Did France Claim Canada Upon 'Discovery'?

Document Type

Book Chapter

Publication Date

1986

Source Publication

J.M. Bumsted (ed.), Interpreting Canada's Past. Toronto, ON: Oxford University Press, 1986.

Keywords

International law; Acquisition of territory; Status of Indigenous peoples; History of Canada; French claims in North America; Doctrine of discovery; Indigenous sovereignty; Legal history; History of international law; European imperialism

Abstract

Historians usually trace the origins of Canada to the initial explorations of England and France, with emphasis upon the French voyages of the early sixteenth century involving Verrazzano, Cartier, and Roberval. France, it is said, officially asserted territorial rights in North America at this era, based upon the discoveries and acts of taking possession of its emissaries, and that these claims were sustained, if in a somewhat desultory manner, until the successful colonizing efforts of the following century. The French crown is thought to have treated North America as unowned land open to appropriation, territorium nullius, rejecting the claims of Iberian aspirants and Indigenous occupants alike. This allowed scope for its own pretensions, backed as they were by a minimal display of actual authority. In fact, the evidence available to us - and it is far from complete - suggests a more complex and equivocal picture. While France was undoubtedly ready to dispute Iberian claims in the New World, there is remarkably little to show that it asserted exclusive rights of its own to the regions explored by its agents up to 1560. It is far from clear that the French crown in this era maintained that vast American territories might be won by the flourish of a standard, the planting of a cross, or the founding of small coastal settlements. Indeed, its stance vis-a-vis Spain and Portugal involved a repudiation of such notions. Nor do we encounter much evidence that France viewed America as, juridically, a desert land. Rather, it seemed prepared to recognize the fact that large areas were controlled by Indigenous groups. This is not necessarily to say that it was more disposed than other European states to respect the rights of these communities, for we see signs of its willingness to contemplate their subjugation.
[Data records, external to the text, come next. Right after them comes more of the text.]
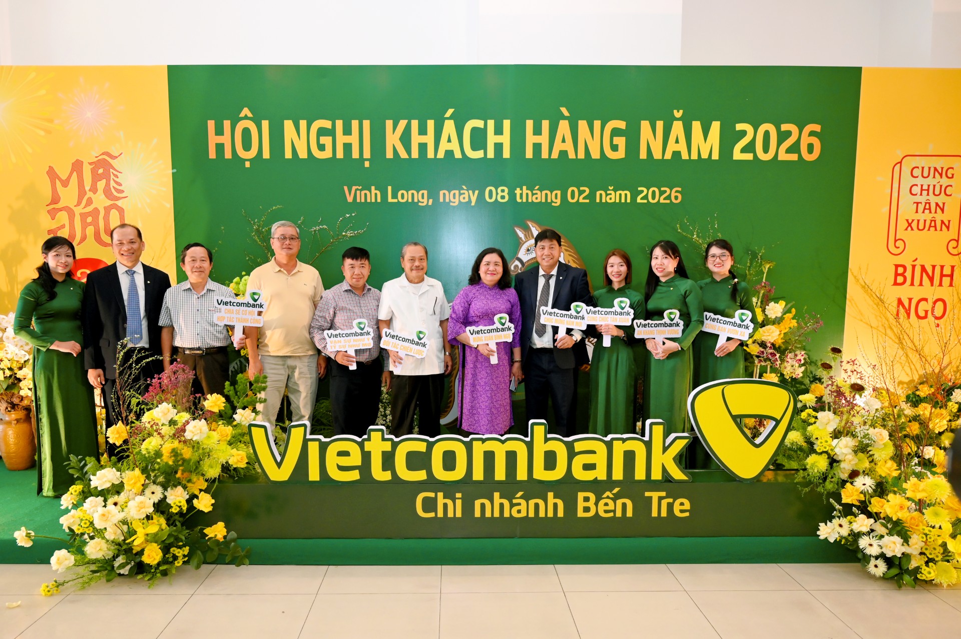 Trong không khí phấn khởi những ngày đầu năm mới 2026, Ngân hàng TMCP Ngoại thương Việt Nam - Chi nhánh Bến Tre đã trang trọng tổ chức Hội nghị Người lao động và Hội nghị tri ân khách hàng vào ngày 08/02/2026. Đây là sự kiện có ý nghĩa đặc biệt quan trọng tổng kết hoạt động năm 2025, triển khai nhiệm vụ năm 2026 đồng thời tri ân các khách hàng, đối tác đã tin tưởng, đồng hành cùng chi nhánh trong suốt thời gian qua.
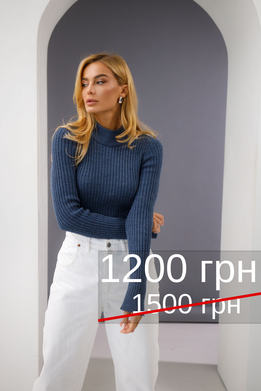 Базовий джемпер зв'язаний вертикальним малюнком, виконаний із затишної та приємної пряжі із включенням віскози. Комфортний комір-стійка, стильний манжет з розрізом.
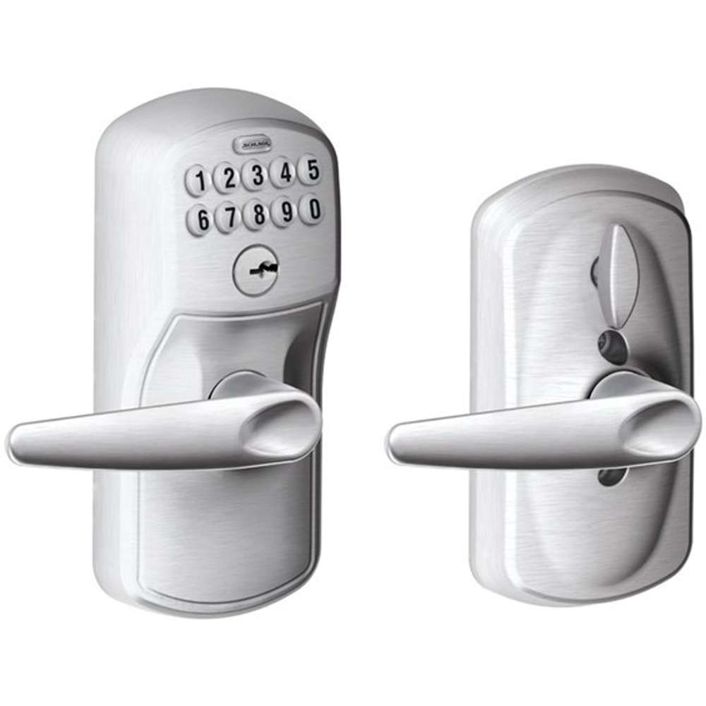 The FE595 Keypad Door Lock gives you the freedom of having the door auto-lock, or remain in the unlocked position until you decide to have it begin auto-locking again. The Flex series is an unbeatable value for residential applications, small office entry doors, or inner office doors. With a number of finishes and lever styles to choose from, you are guaranteed to find a great lock! Combining yesterday's craftsmanship with today's fit and function, the Schlage line of keypad entry locks with flex may just be the last locks you will ever need. Just think, you never again have to fumble, lose, or worry about being locked out. Keyless convenience has enhanced the lifestyles of people everywhere, why not start enjoying it for yourself today!
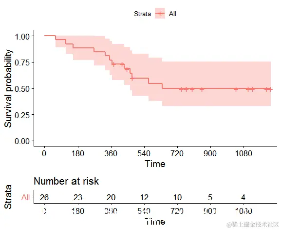 我们以数据 包中的dataset3survival为例。事件发生的时间就是死亡的时间。Kaplan-Meier图如下。

But it candidly viewed the process as one of conquest, not pretending that it was dealing with a juridical vacuum. This suited France's own ends, for in challenging the assertions of Spain and Portugal it could point to the factual independence of Indigenous groups in areas which these states claimed. If these views are correct, they necessitate a reassessment of the significance of France's early efforts in North America. They also throw into doubt the general picture often painted of the official attitudes of European states to the New World at this period.